If any lymph nodes were removed from your body, they will be examined under the microscope by a pathologist and the results of this examination will be described in your report. Most reports will include the total number of lymph nodes examined, where in the body the lymph nodes were found, and the number (if any) that contain cancer cells. If cancer cells were seen in a lymph node, the size of the largest group of cancer cells (often described as “focus” or “deposit”) will also be included.

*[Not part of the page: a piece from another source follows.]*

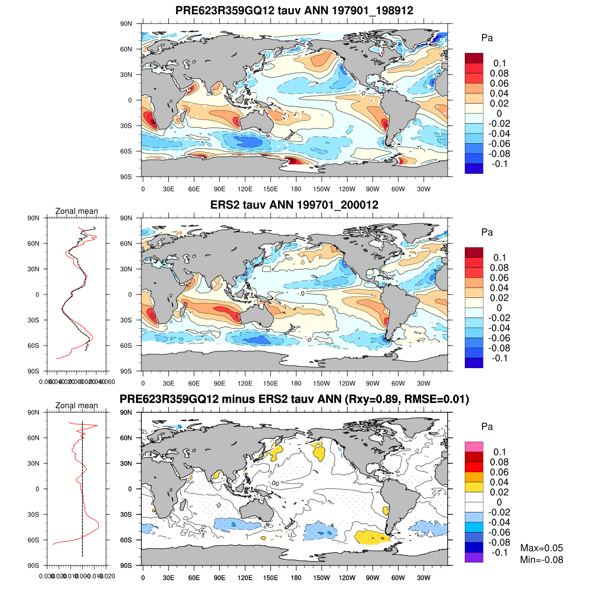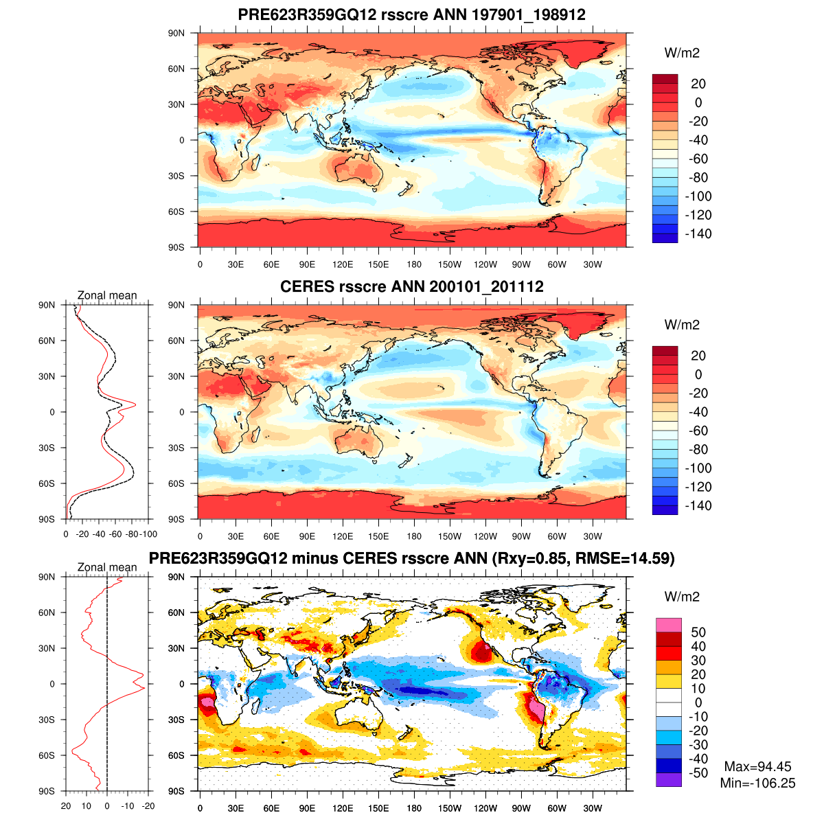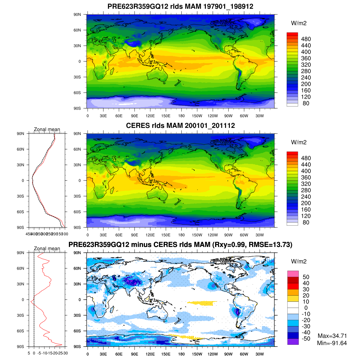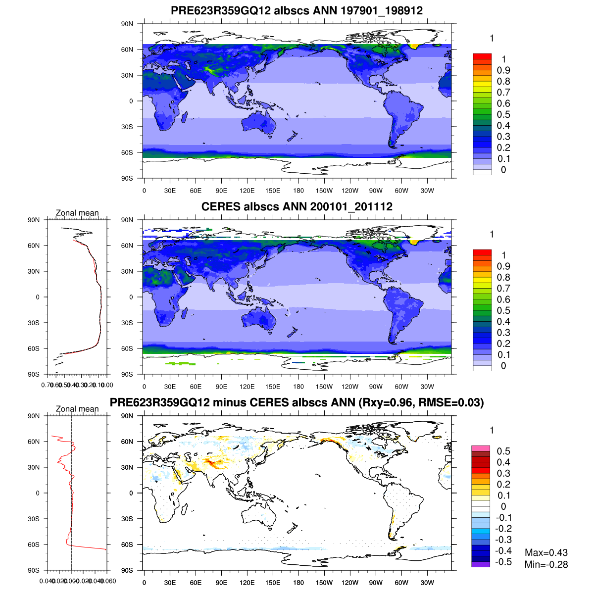 | Param file PRE623R359GQ12 | Namelist PRE623R359GQ12 | and, if against another simulation : | Param file OBS | Namelist OBS |

The examination of lymph nodes is important for two reasons. First, this information is used to determine the pathologic nodal stage (pN). Second, finding cancer cells in a lymph node increases the risk that cancer cells will be found in other parts of the body in the future. As a result, your doctor will use this information when deciding if additional treatment such as chemotherapy, radiation therapy, or immunotherapy is required.

Lymph node stations

Stations that may be described in your report:

  • Station 1 – Lower cervical, supraclavicular, and sternal notch lymph nodes.
  • Station 2 – Upper paratracheal lymph nodes.
  • Station 3 – Prevascular and retrotracheal lymph nodes.
  • Station 4 – Lower paratracheal lymph nodes.
  • Station 5 – Subaortic lymph nodes (aortopulmonary window).
  • Station 6 – Paraaortic lymph nodes (ascending aorta or phrenic).
  • Station 7 – Subcarinal lymph nodes.
  • Station 8 – Paraesophageal lymph nodes (below carina).
  • Station 9 – Pulmonary ligament lymph nodes.
  • Station 10 – Hilar lymph nodes.
  • Station 11 – Interlobar lymph nodes.
  • Station 12 – Lobar lymph nodes.
  • Station 13 – Segmental lymph nodes.
  • Station 14 – Subsegmental lymph nodes.
What is the pathologic stage (pTNM) for squamous cell carcinoma of the lung?

​The pathologic stage for squamous cell carcinoma of the lung is based on the TNM staging system, an internationally recognized system originally created by the American Joint Committee on Cancer. This system uses information about the primary tumour (T), lymph nodes (N), and distant metastatic disease (M)  to determine the complete pathologic stage (pTNM). Your pathologist will examine the tissue submitted and give each part a number. In general, a higher number means more advanced disease and a worse prognosis.

Tumour stage (pT) for squamous cell carcinoma of the lung

Squamous cell carcinoma is given a tumour stage between 1 and 4 based on the size of the tumour, the number of tumours found in the tissue examined, and whether the tumour has broken through the pleural or has spread to organs around the lungs.

Lung SCC staging

Nodal stage (pN) for squamous cell carcinoma of the lung

Squamous cell carcinoma is given a nodal stage between 0 and 3 based on the presence or absence of cancer cells in a lymph node and the location of the lymph nodes that contain tumour cells.

  • NX – No lymph nodes were sent for pathologic examination.
  • N0 – No tumour cells were found in any of the lymph nodes examine
  • N1 – Tumourcells were found in at least one lymph node from inside the lung or around the large airways leading into the lung. This stage includes stations 10 through 14.
  • N2 – Tumour cells were found in at least one lymph node from the tissue in the middle of the chest and around the large airways. This stage includes stations 7 through 9.
  • N3 – Tumour cells were found in the neck or in any lymph nodes on the side of the body opposite (contralateral) to the tumour. This stage includes stations 1 through 6.
Metastatic stage (pM) for squamous cell carcinoma of the lung

Squamous cell carcinoma is given a metastatic stage of 0 or 1 based on the presence of tumour cells in the lung on the opposite side of the body or at a distant body site (for example the brain). The metastatic stage can only be determined if tissue from the opposite lung or distant site is sent for pathological examination. Because this tissue is rarely present, the metastatic stage cannot be determined and is listed as pMX.